▶ _MATERIAL SUPPLIED_
◇ ◇ ◇ ◇ ◇

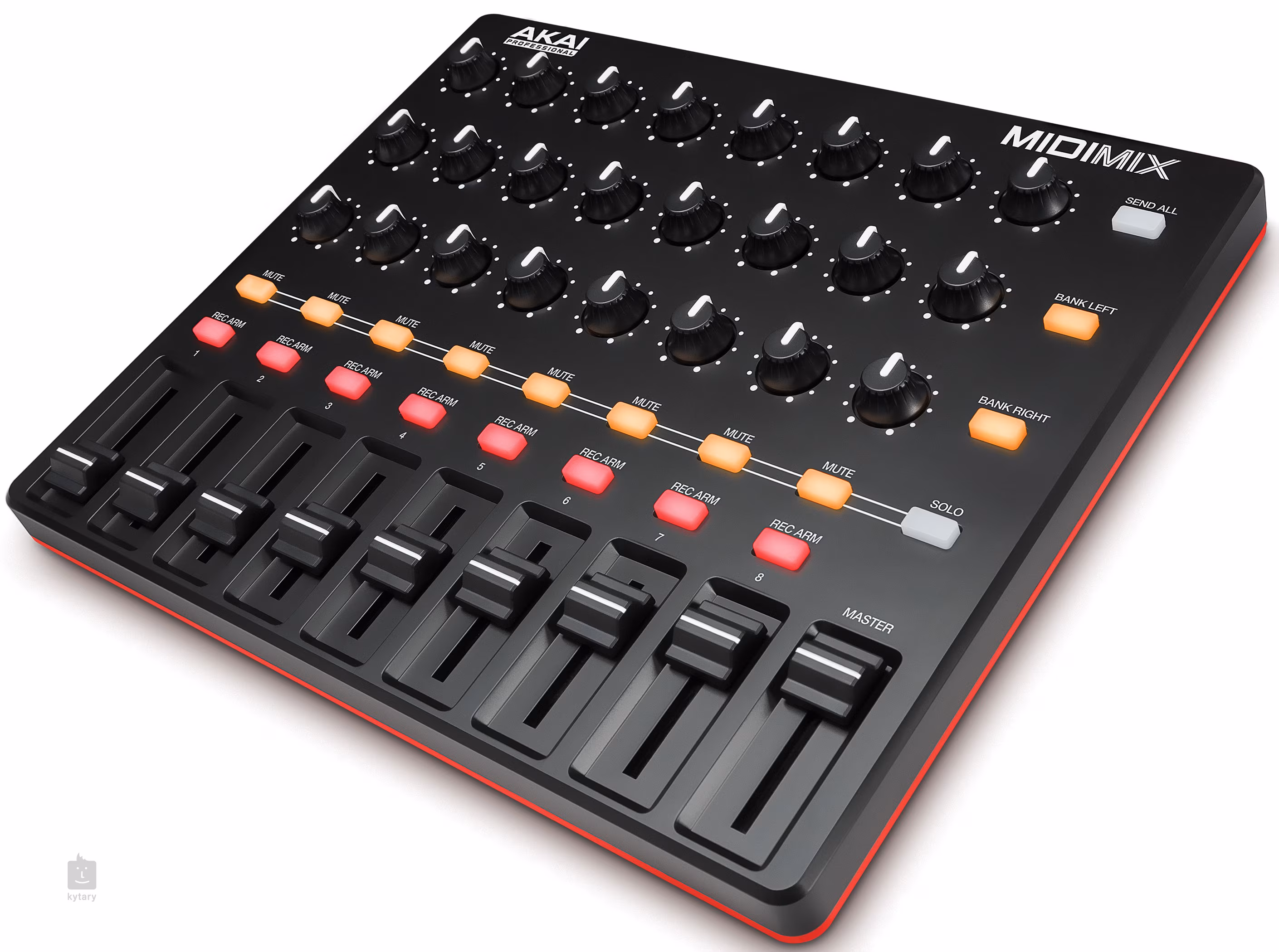 Jak už bývá zvykem, značka AKAI zaručuje jistou kvalitu v kombinaci s intuitivním rozložením všech ovládacích prvků. S přechodem z jiného kontroleru na MIDImix nebudete mít jistojistě žádný problém! Kombinace 8 line faderů, master faderu, 24 knobů (vždy tři pro jeden kanál). Uživatel může veškerá nastavení kontroleru odeslat do jeho DAW stiskem jediného tlačítka, to znamená, že veškeré modifikace a úpravy mohou probíhat v reálném čase a nabízí tak mnoho kreativních možností.
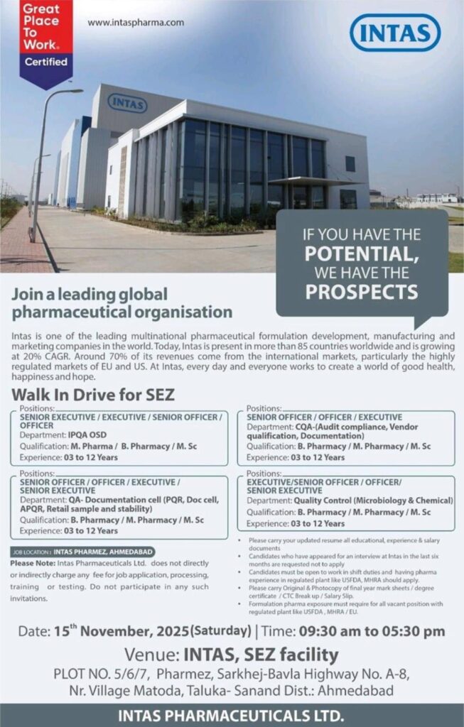 Intas Pharmaceuticals, a leading multinational pharmaceutical organization known for its strong global presence and commitment to health, is conducting a Walk-in Drive for its INTAS PHARMEZ, SEZ facility in Ahmedabad. If you have the potential, Intas has the prospects!
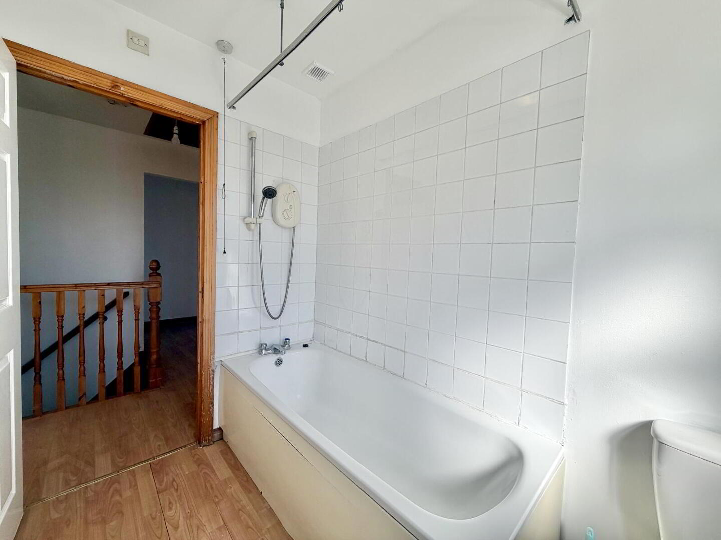 Laminate flooring with single radiator. White suite comprising bath, toilet and wash hand basin. Electric shower with tiling around bath and shower area.
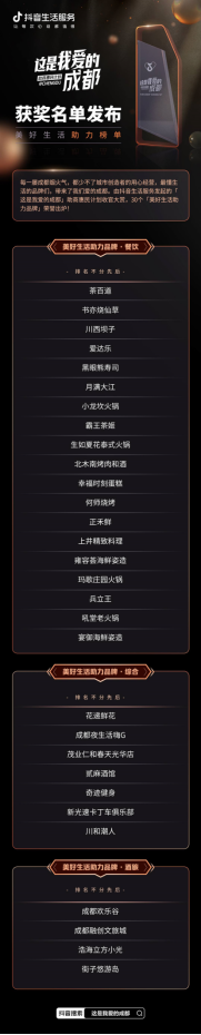 2022年11月4日,由抖音生活服務發起的「這是我愛的成都」助商惠民計劃收官大賞,以一場「這是我愛的成都·美好生活助力榜單」榮譽發布,對活動期間為成都播撒生活美好的30個品牌和10位達人做出總結與嘉獎。
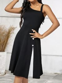 Kadın Tek Omuzu şerit Detaylı Sıfır Kol Yandan Düğme Detaylı Janjan Krep Elbise

◇ ◇ ◇ ◇ ◇

▶ _WHAT IS NEEDED_
For this task, return exactly the stretch of the listing above from the line with "Laminate flooring with" through the line with "2022年11月4日,由抖音", inclusive and without pictures.

▶ _SOLUTION TO THE EXERCISE_
 Laminate flooring with single radiator. White suite comprising bath, toilet and wash hand basin. Electric shower with tiling around bath and shower area.
 2022年11月4日,由抖音生活服務發起的「這是我愛的成都」助商惠民計劃收官大賞,以一場「這是我愛的成都·美好生活助力榜單」榮譽發布,對活動期間為成都播撒生活美好的30個品牌和10位達人做出總結與嘉獎。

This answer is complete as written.